Roth also said she’s not surprised by the reduction in electronic filings.
“Attorneys can’t get jury trials and they’re not going to get any hearing dates, so that will slow down filings,” she said. “We think we’re going to be able to keep up with basic functions, with docketing. The judges are working and processing whatever they can that will not require in person hearings.”
That should mean when the crisis passes, paperwork should be up to date, but there will be backlogs in trials and most issues that require an in-person hearing or proceeding.
Putnam Clerk of Court Tim Smith also expects backlogs. “I think it will be in trials, hearings. . . the things where someone has to stand in front of a judge,” he said. “Jury selection is the exact opposite of social distancing.”
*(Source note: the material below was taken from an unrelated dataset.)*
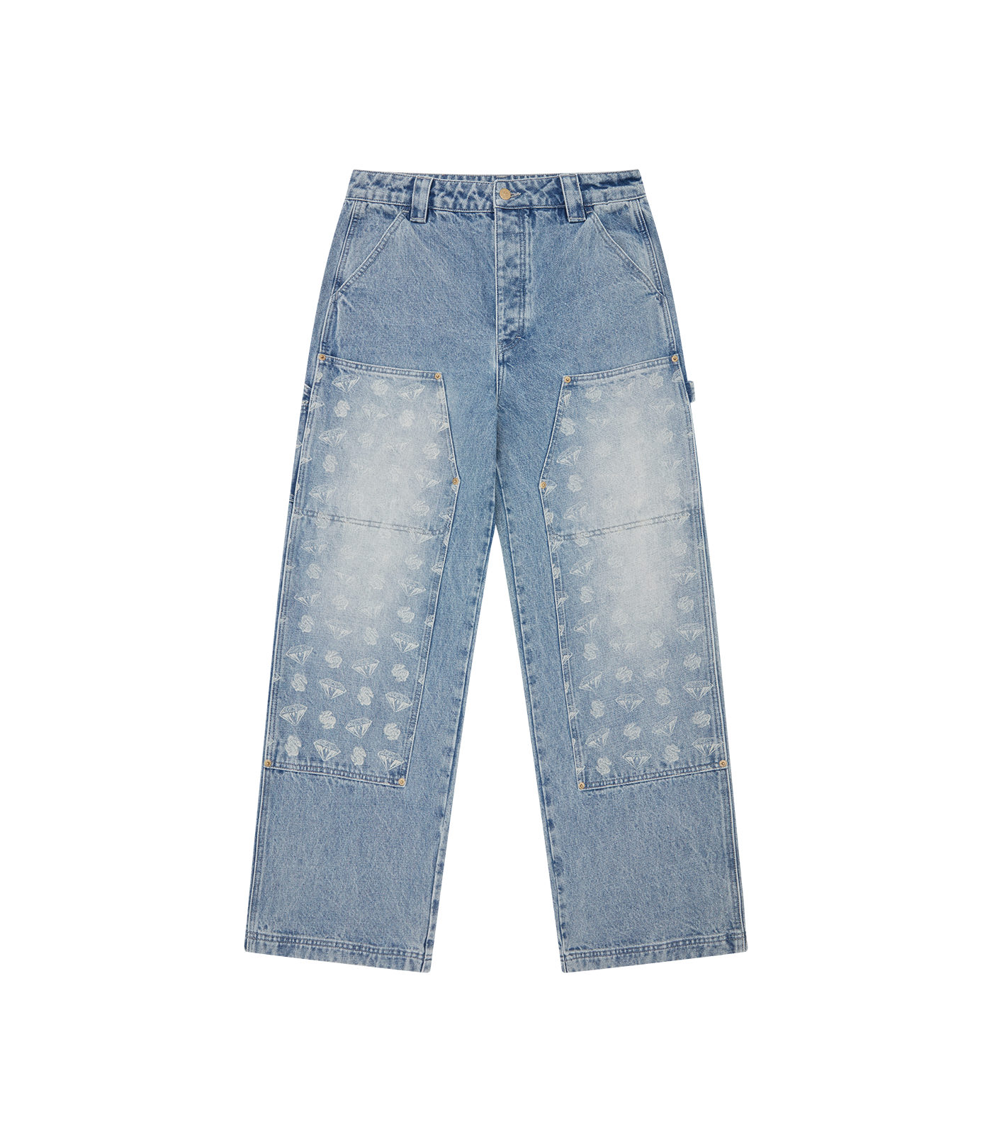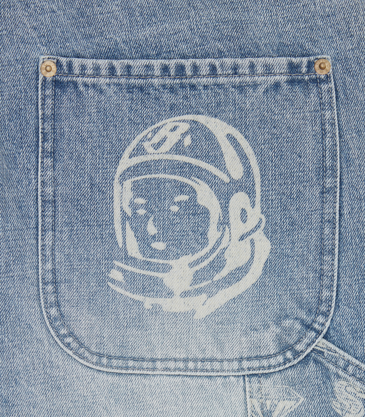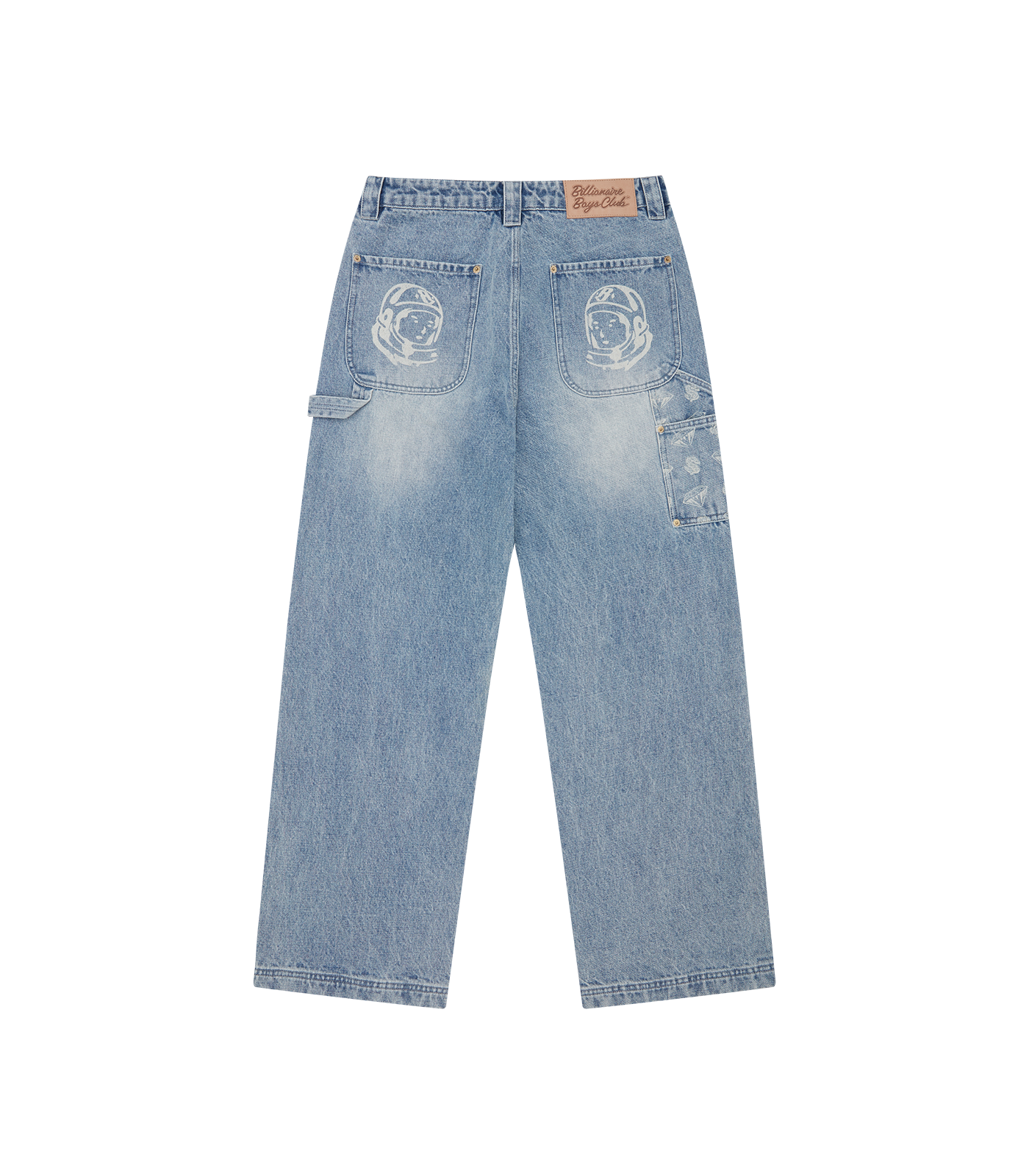 Billionaire Boys Club Fall '25 - Diamonds & Dollars Denim Carpenter Pants in light wash blue present an all-over Diamonds & Dollar print pattern on the front leg panels and the Astro helmet on back pockets.

Like others, Smith has staff in the office for critical court functions while other employees work from home.
“We established a customer service center where everything that comes to us — either from our court duties or our board of county commission duties — comes through a central site,” he said, and employees, taking the appropriate precautions, still directly help the public.
Smith is in perhaps a unique position to appreciate how technology has made it possible for lawyers, clerks, judges, and others to work remotely to mitigate the spread of COVID-19. For several years, he has chaired the Florida Court E-Filing Authority, which oversees the court system’s statewide e-filing portal. The portal, which allows filings from anywhere with internet access, has continued to function, accepting documents from lawyers and other filers, despite limitations on in-person court activities and many people working at home.
“We fought hard and instituted all of these technology services over the last eight to 10 years. We did it mostly for convenience for our customers and the judiciary, but how valuable those serves have been shown to be,” Smith said. “Folks who moved that forward probably never envisioned how valuable this would be.”
Because of the portal and other technological upgrades, “You can still communicate with us relative to every aspect of what the clerk’s office does,” he added. “You can file through the portal, you can initiate a case, you can access court records, you can get certified court documents, you can request copies of official records; those can be e-certified and mailed to you.
“I appreciate we had folks who had vision and it proved so valuable today. I wish we were further along on folks who had remote access. I think that’s going to be the next step.”
Of course, some things may always require a human touch, and some clerks have continued to issue wedding licenses, with Smith and Kinsaul reporting an uptick in applications. Smith said he may be getting business from surrounding counties that have stopped issuing licenses, but Kinsaul, who also saw an uptick in passport applications, said he thinks people were anticipating perhaps there would be more restrictions on such routine activities soon.
And maybe there are some things not even COVID-19 can stop.